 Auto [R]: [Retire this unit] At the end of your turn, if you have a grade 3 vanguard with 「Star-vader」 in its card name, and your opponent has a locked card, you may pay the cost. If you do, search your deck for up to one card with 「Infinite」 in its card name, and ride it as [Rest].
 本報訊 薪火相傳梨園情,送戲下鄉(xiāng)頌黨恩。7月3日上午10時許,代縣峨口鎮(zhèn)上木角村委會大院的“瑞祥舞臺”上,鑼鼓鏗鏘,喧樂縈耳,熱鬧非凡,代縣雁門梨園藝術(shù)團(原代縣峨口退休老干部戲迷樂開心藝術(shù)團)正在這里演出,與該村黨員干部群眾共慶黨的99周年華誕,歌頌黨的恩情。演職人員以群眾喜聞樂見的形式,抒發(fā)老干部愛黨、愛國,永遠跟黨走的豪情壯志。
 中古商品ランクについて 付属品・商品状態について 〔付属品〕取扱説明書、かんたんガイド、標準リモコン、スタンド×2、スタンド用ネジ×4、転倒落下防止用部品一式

▬▬▬▬▬▬▬▬▬▬

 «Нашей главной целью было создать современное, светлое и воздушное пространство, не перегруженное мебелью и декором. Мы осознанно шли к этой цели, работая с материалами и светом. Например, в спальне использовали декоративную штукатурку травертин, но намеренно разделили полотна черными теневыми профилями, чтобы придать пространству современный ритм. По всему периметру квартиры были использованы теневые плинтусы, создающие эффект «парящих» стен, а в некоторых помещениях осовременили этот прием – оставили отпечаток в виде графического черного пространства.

▬▬▬▬▬▬▬▬▬▬

- [INSTRUCTIONS FOR THE TASK]: From the records above, transcribe without alteration every line from the one with "Auto [R]: [Retire" to the one with "本報訊 薪火相傳梨園情,送戲", inclusive.

- [SOLUTION TO THIS TASK]:
 Auto [R]: [Retire this unit] At the end of your turn, if you have a grade 3 vanguard with 「Star-vader」 in its card name, and your opponent has a locked card, you may pay the cost. If you do, search your deck for up to one card with 「Infinite」 in its card name, and ride it as [Rest].
 本報訊 薪火相傳梨園情,送戲下鄉(xiāng)頌黨恩。7月3日上午10時許,代縣峨口鎮(zhèn)上木角村委會大院的“瑞祥舞臺”上,鑼鼓鏗鏘,喧樂縈耳,熱鬧非凡,代縣雁門梨園藝術(shù)團(原代縣峨口退休老干部戲迷樂開心藝術(shù)團)正在這里演出,與該村黨員干部群眾共慶黨的99周年華誕,歌頌黨的恩情。演職人員以群眾喜聞樂見的形式,抒發(fā)老干部愛黨、愛國,永遠跟黨走的豪情壯志。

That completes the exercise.